Abstract

Yetus provides libraries and tools that enable contribution and release processes for software projects.

Proposal

Yetus helps community driven software projects improve their contribution and release processes by providing:

  • a robust system for automatically checking new contributions against a variety of community accepted requirements
  • the means to document a well defined supported interface for downstream projects
  • tooling to help release managers generate release documentation based on the information provided by community issue trackers and source repositories

Background

Over the last several months a few folks have been working to generalize several tools used within the Hadoop project so that they can be reused across both ASF and projects outside of the foundation. The majority of this effort has been around the pre-commit patch testing facility used to evaluate contributions prior to review by a committer. The effort has reached a point where it's ready to start evangelizing for downstream users, which necessitates moving our fledgling effort out from under the Hadoop banner so that we can establish a release cadence and drive our own community growth.

Rationale

All software development projects that are community based (that is, accepting of outside contributions) face a common QA problem for vetting incoming contributions. Hadoop is fortunate enough to be sufficiently popular that the weight of the problem drove tool development (i.e. test-patch). That tool is generalizable enough that a bunch of other TLPs have adopted their own forks. Unfortunately, in most projects this kind of QA work is an enabler rather than a primary concern, so often the tooling is worked on ad-hoc and improvements are rarely shared across projects. Since the tooling itself is never a primary concern, any artifacts made are rarely reused outside of ASF projects. Having a solid set of build tools that are customizable to fit the norms of different software communities is a bunch of work. Making it work well in both the context of automated test systems like Jenkins and for individual developers is even more work. By focusing these efforts in the Yetus project, we can gain some additional reuse and network effects across both ASF projects and development projects that might adopt us outside of the foundation.

Initial Goals

  • Establish release cadence sufficient to allow use by downstream projects for their critical contribution pipeline
  • Demonstrate sufficient utility to convince existing ASF projects to move from one-off pre commit evaluation
  • Ensure interoperability with non-ASF issue tracking / repositories likely to be used by potential non-ASF projects (e.g. GitHub)

Current Status

Several months of work by several Hadoop contributors have established a generalized pre commit process and proof of concept integration for a half dozen or so projects. The current work is already in a releasable state as far as the code is concerned.
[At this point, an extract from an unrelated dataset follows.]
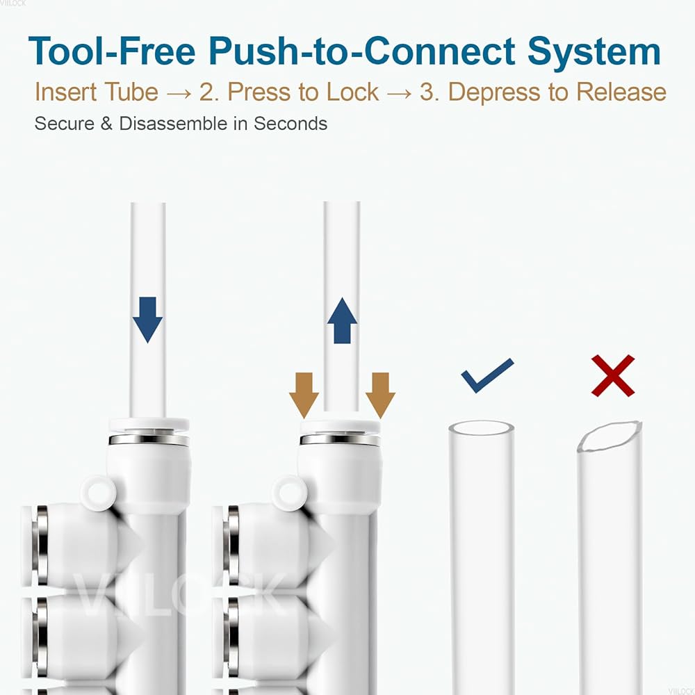 Easy to use: The design of push-to-connect fittings provide simple and quick installation. Depress the end cap and pull out the tube, easy to disassemble.

The other components slated for inclusion (e.g. shelldoc and releasedocmaker) are earlier in their development but already provide good incremental benefit over current tools in the handful of projects we looked at.

Meritocracy

The initial PMC list covers folks from several established ASF communities and several ASF members; they are all well acquainted with the importance of building incremental project responsibility for new contributors. Meritocracy will not be an issue.

Community

The nature of the project should allow a good chance for users of the project to transition to developers. During our recent adjustment period within the Hadoop project we have already attracted an active contributor we hope to quickly foster into a committer. Longer term, the PMC will work to draw in a group of folks traditionally underrepresented in ASF projects, namely QA, technical writer, and operations folks.

Core Developers

The initial set of developers come from a variety of ASF projects, all with related needs for contribution QA and release tooling. The list also includes several ASF members.

  • Andrew Bayer (ASF member, incubator pmc, bigtop pmc, flume pmc, jclouds pmc, sqoop pmc, all around Jenkins expert)
  • Sean Busbey (ASF member, incubator pmc, accumulo pmc, hbase pmc)
  • Nick Dimiduk (hbase pmc, phoenix pmc)
  • Chris Nauroth (ASF member, incubator pmc, hadoop pmc)
  • Andrew Purtell (ASF member, incubator pmc, bigtop pmc, hbase pmc, phoenix pmc)
  • Allen Wittenauer (hadoop committer)

Alignment

The community and the code making up the start of the Yetus project already exist at the ASF, the formation of the project merely formalizes our ability to make them something available to the public at large rather than an internal project detail.

Known Risks

Orphaned Products

The initial PMC are all involved actively in existing ASF projects that have expressed a desire for a common library that can be relied on for this kind of testing. Presuming those projects move forward with plans to integrate with Yetus, there should be sufficient demand to keep a stable amount of development interest.

Inexperience with Open Source

All initial PMC members have an established record of working within ASF projects and the current code base has already been developed within an established ASF project.

Homogenous Developers

The initial set of developers are employed by a variety of companies, located across the US and abroad, and used to working on a variety of distributed projects.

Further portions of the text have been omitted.